▸ Excerpted records
BEGIN

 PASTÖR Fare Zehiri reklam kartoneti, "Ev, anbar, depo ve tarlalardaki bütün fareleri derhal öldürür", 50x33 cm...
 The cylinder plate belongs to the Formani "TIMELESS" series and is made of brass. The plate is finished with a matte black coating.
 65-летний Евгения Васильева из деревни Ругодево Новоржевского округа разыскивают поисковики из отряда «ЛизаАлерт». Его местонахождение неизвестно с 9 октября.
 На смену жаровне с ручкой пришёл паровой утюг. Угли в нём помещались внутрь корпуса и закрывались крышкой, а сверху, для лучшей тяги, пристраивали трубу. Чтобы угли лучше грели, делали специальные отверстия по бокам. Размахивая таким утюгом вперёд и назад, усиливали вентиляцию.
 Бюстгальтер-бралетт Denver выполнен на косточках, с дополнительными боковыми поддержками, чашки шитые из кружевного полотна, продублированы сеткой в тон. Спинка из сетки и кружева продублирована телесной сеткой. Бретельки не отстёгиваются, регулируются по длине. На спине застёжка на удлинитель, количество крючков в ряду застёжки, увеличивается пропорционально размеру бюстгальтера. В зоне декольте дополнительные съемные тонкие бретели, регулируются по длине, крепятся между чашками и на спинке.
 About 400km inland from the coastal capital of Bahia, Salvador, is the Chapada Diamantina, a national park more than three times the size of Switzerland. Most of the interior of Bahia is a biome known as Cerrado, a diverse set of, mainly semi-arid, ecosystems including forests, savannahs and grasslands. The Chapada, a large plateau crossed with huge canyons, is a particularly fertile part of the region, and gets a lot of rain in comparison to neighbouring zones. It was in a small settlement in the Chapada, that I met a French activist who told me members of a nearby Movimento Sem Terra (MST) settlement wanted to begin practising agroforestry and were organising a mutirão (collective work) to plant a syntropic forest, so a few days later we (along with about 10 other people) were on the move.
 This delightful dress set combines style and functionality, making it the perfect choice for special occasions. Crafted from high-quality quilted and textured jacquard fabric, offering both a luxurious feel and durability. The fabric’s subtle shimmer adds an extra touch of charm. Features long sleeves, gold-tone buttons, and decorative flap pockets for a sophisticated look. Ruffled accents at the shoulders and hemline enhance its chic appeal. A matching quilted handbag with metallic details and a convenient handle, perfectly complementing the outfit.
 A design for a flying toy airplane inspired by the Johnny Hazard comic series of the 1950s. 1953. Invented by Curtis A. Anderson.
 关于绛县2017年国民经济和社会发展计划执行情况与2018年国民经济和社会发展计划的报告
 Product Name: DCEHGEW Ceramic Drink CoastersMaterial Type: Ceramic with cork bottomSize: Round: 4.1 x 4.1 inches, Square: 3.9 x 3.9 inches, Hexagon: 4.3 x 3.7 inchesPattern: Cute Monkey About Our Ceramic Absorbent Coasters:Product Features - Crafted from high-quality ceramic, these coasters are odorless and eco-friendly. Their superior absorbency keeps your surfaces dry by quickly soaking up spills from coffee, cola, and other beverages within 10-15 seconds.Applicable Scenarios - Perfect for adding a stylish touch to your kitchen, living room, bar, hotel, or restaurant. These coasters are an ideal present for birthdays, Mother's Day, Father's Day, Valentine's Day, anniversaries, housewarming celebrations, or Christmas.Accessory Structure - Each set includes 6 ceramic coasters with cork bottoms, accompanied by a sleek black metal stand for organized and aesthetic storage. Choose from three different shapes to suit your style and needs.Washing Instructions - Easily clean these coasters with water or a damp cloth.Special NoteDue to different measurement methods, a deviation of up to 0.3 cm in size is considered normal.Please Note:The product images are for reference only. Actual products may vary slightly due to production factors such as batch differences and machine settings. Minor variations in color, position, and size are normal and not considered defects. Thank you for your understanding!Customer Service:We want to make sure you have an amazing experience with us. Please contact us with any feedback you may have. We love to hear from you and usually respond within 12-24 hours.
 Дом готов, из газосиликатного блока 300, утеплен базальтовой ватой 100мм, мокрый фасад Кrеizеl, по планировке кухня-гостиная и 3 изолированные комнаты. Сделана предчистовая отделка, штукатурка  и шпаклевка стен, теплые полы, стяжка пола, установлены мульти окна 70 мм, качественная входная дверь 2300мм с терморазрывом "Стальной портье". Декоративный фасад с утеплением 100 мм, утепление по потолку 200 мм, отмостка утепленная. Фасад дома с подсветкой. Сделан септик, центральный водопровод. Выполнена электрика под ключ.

END

▸ Task prompt
Within the material above, extract exactly the lines that start at the line containing "На смену жаровне" and stop after the line containing "About 400km inland", and only those.

▸ Task answer
 На смену жаровне с ручкой пришёл паровой утюг. Угли в нём помещались внутрь корпуса и закрывались крышкой, а сверху, для лучшей тяги, пристраивали трубу. Чтобы угли лучше грели, делали специальные отверстия по бокам. Размахивая таким утюгом вперёд и назад, усиливали вентиляцию.
 Бюстгальтер-бралетт Denver выполнен на косточках, с дополнительными боковыми поддержками, чашки шитые из кружевного полотна, продублированы сеткой в тон. Спинка из сетки и кружева продублирована телесной сеткой. Бретельки не отстёгиваются, регулируются по длине. На спине застёжка на удлинитель, количество крючков в ряду застёжки, увеличивается пропорционально размеру бюстгальтера. В зоне декольте дополнительные съемные тонкие бретели, регулируются по длине, крепятся между чашками и на спинке.
 About 400km inland from the coastal capital of Bahia, Salvador, is the Chapada Diamantina, a national park more than three times the size of Switzerland. Most of the interior of Bahia is a biome known as Cerrado, a diverse set of, mainly semi-arid, ecosystems including forests, savannahs and grasslands. The Chapada, a large plateau crossed with huge canyons, is a particularly fertile part of the region, and gets a lot of rain in comparison to neighbouring zones. It was in a small settlement in the Chapada, that I met a French activist who told me members of a nearby Movimento Sem Terra (MST) settlement wanted to begin practising agroforestry and were organising a mutirão (collective work) to plant a syntropic forest, so a few days later we (along with about 10 other people) were on the move.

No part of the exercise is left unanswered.